UK Govt. minister in charge of offshore clampdown ran tax exempt Bermuda firm
A UK Government minister in charge of stamping out corporate tax avoidance was part-time chairman of an Bermuda-based company which avoided more than £100m a year in taxes, according to a report in The Sunday Times.
The UK-based newspaper revealed that Lord Myners, who is already under fire for approving Sir Fred Goodwin's massive pension from Royal Bank of Scotland (RBS), was on the board at Aspen Insurance Holdings, just as Prime Minister Gordon Brown is seeking to win the backing of heads of government to prise open tax havens at a meeting of the G20 in London on April 2.
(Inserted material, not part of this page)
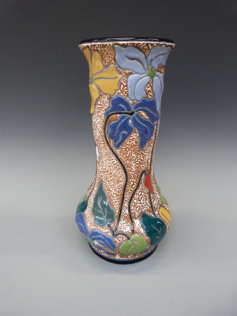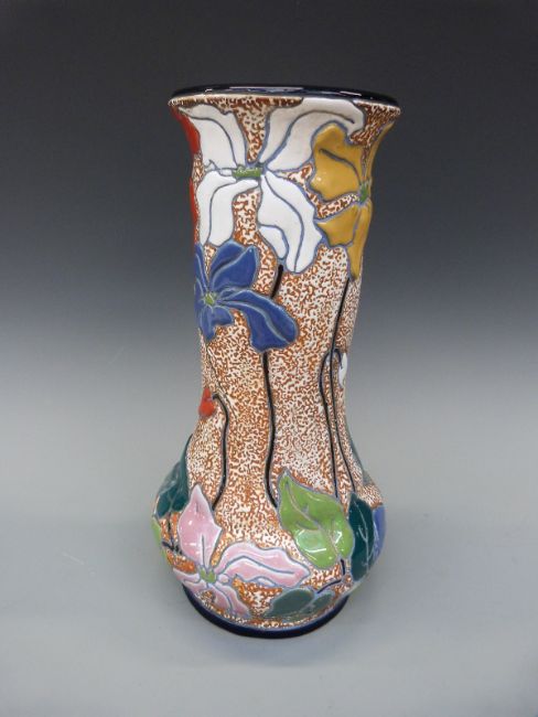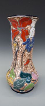 Art Nouveau Czech Amphora ware vase decorated with cyclamen flowers, approximately 37cm tall

Lord Myners, who earned almost £200,000 from Aspen in one year, is also facing questions over share options he accrued during five years as chairman of the company, said the paper, with accounts for the re/insurer showing that he held 318,338 share options at the end of 2007. On Friday the shares, which are listed on the New York Stock Exchange, closed at $21.64, which would value that stake at £4.8m.
The financial services secretary to the UK Treasury and former chairman of the Guardian Media Group, was awarded the majority of the share options at an exercise price of $16.20 a share in August 2003, a year after he helped to start the company, the paper claimed.
When Lord Myners stepped down in May 2007, he was given until August 2008 to buy the shares and if he had bought them between January and August last year, when Aspen's share price fluctuated between $22.59 and $29.90, he would have made a profit of between £1m and £2.1m.
The Sunday Times, who approached Lord Myners on Friday morning, said he declined to comment whether he had exercised the shares, but on Saturday afternoon a Treasury spokesman said that he had not exercised the share options and owned no stock in Aspen.
Although any share transactions made by Myners while he was a director would have had to have been declared, these rules cease to apply once a director leaves the board.
A filing with the US Securities and Exchange Commission discloses that Myners, who is also leading the government's clampdown on City bonuses, received a farewell bonus of £50,000 for his final four months at Aspen.
His five-year term as chairman of both the UK and Bermuda arms of Aspen ended in May 2007 and he became a minister last October, according to the paper.
The US Congress recently named Bermuda as one of more than 30 "offshore secrecy jurisdictions" in legislation to crack down on havens in the coming weeks, while Brown has repeatedly called for tax havens to be outlawed.